[PROBLEM STATEMENT]: Print the lines from the one containing "0歳児 | 1歳児 | 2歳児 | 幼児組 | ||||" through the end of the listing below, exactly as written. Any pictures stay out.

[DATA PROVIDED]:
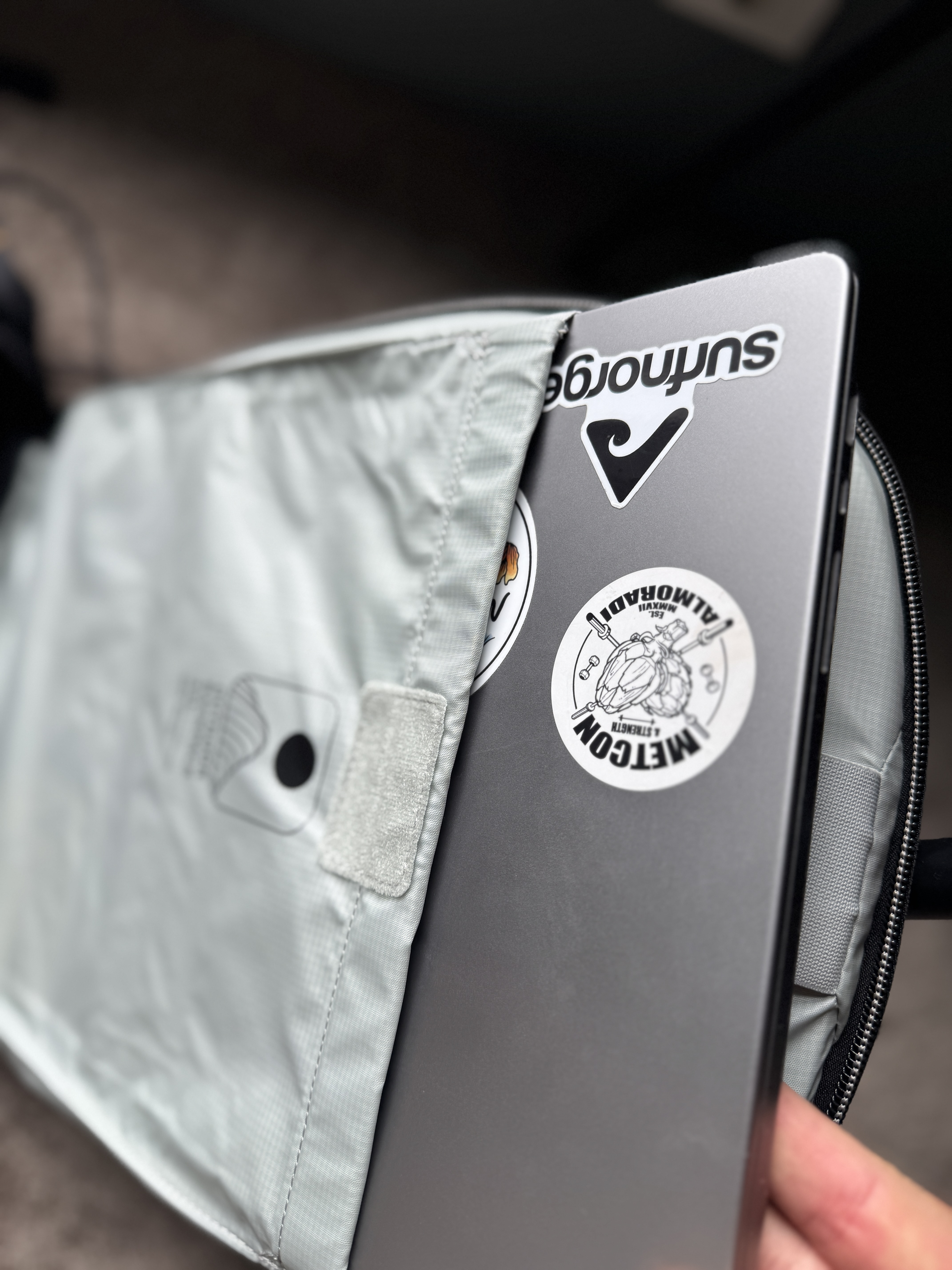 Laptop, kamera, vannflaske, bok og litt klær fikk plass uten problem. Og med Cord Hook™-systemet og de mange utvendige festemulighetene kunne håndkle, underlag og annet rask henges utenpå. Ganske ideelt for en tur som inkluderer både sol og fjellbris.
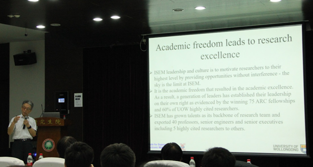 9月27日下午,由beat365在线唯一官网登录研究生院与材料学院联合筹办的“百家大讲堂”在中关村校区研究生院101举行,澳大利亚工程院院士、伍伦贡大学窦世学教授应邀做了题为“多功能协同策略增强材料性能”的精彩报告。材料学院党委书记张青山教授为窦世学教授颁发了“百家大讲堂”纪念证书。材料学院和化工学院的老师和学生参加了此次报告。
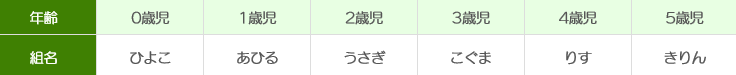 0歳児 | 1歳児 | 2歳児 | 幼児組 | ||||
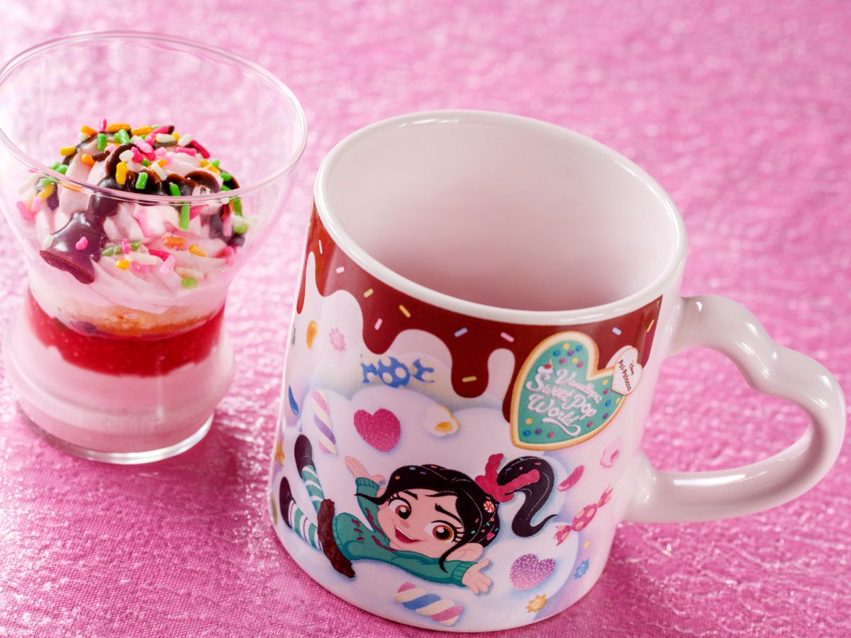 ストロベリーいっぱいのスウィーツ。カラフルなチョコスプレーが見た目にも食感にも、楽しいアクセントに。スーベニアカップはヴァネロペと、ミッキーたちが描かれています。持ち手がハート型なのもかわいい!

[WRITTEN RESPONSE]:
 0歳児 | 1歳児 | 2歳児 | 幼児組 | ||||
 ストロベリーいっぱいのスウィーツ。カラフルなチョコスプレーが見た目にも食感にも、楽しいアクセントに。スーベニアカップはヴァネロペと、ミッキーたちが描かれています。持ち手がハート型なのもかわいい!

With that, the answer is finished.